Given collusion cannot be avoided, collision resoluion schemes have been used to decide what to do when multiple elements are hashed to the same slot in the table/array/list. We focus on the chainning method as illustrated below. The other method is so called open addressing, where a probing sequence (i.e., a sequence of hash functions) is used and when collision occurs, the next hash function is tried, and so on, until an open slot is found. In chaining, the multiple key-value pairs hashed to the same slot are stored as a linked list with the address of the linked list stored in the table: Insert(k, v): calculate hash value of k and insert (k,v) into the header of the linked list. This takes a constant time. Search (k): calcualte hash value of k, and look for (k,*) in the linked list. This operation takes a time that is linear to the length of the linked list. Delete (k): similar to Search() operation.
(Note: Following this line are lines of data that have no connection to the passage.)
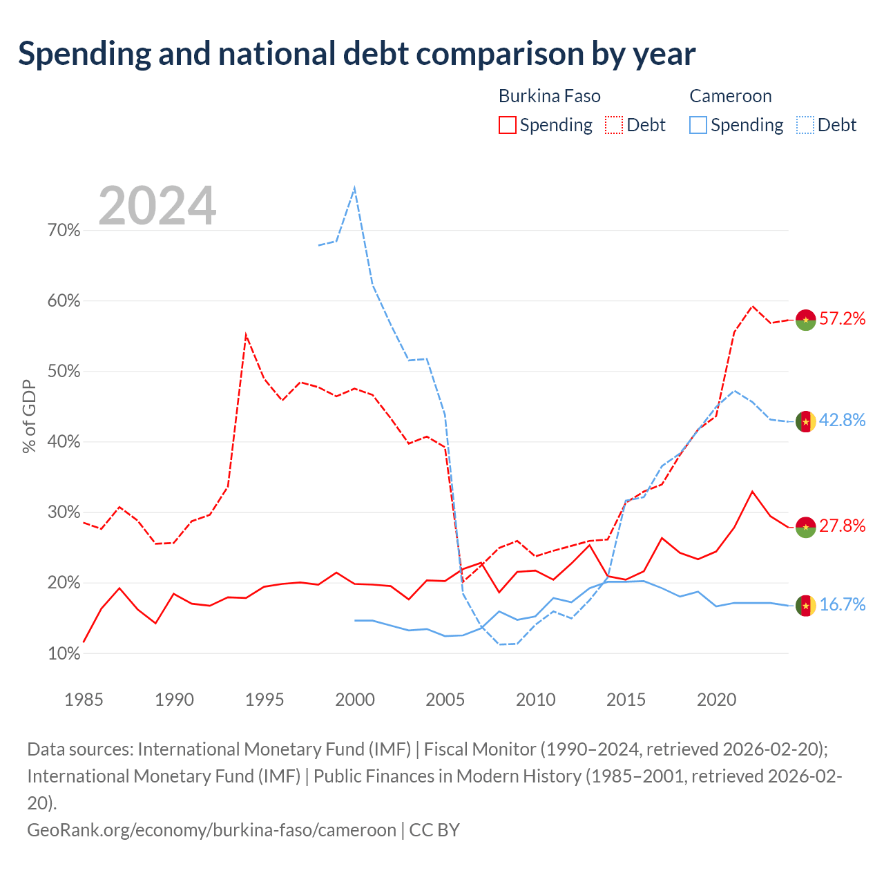 Burkina Faso has $13.2B in government debt (57.2% of GDP), compared to $22.8B (42.8% of GDP) in Cameroon.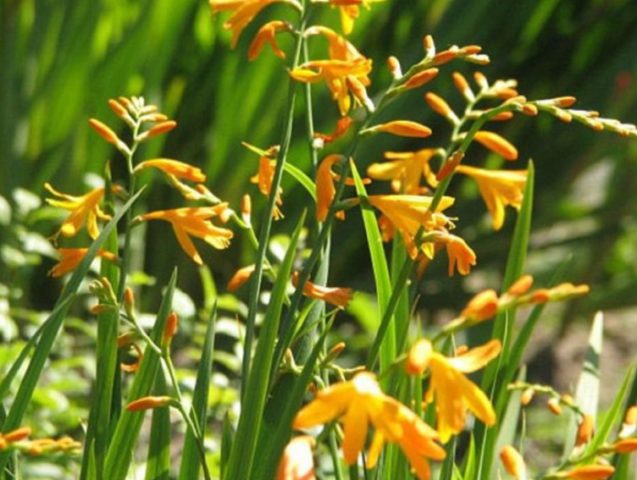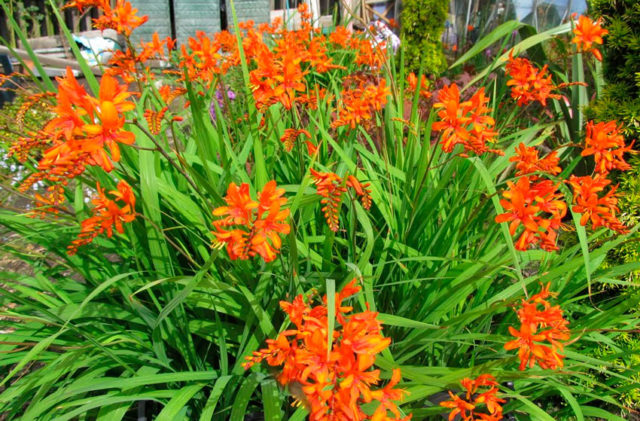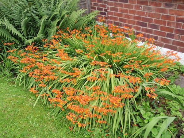 El crocosmia perenne es veu especialment bonic gràcies a la densa plantació de diversos bulbs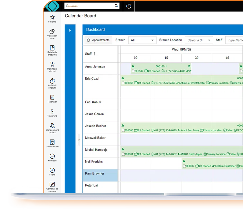 Solutia pentru managementul operatiunilor de service include un calendar integrat, care permite crearea, planificarea si alocarea resurselor intr-un mod intuitiv si flexibil.

Note that a linked-list data structure is different from a list/array. In linked list, the address of second element/node is stored in the first node, and so on. So in order to access the n-th element, one has to start from the first element, go to second, and third, and so on until one finds the n-th element. The running time of such linked-list traversal is O(n). If a hash function is chosen well, the average length of the linked lists in a hash table is N/m, where N is the total number of elements in the hash table, and m is the size of the hash tbale T.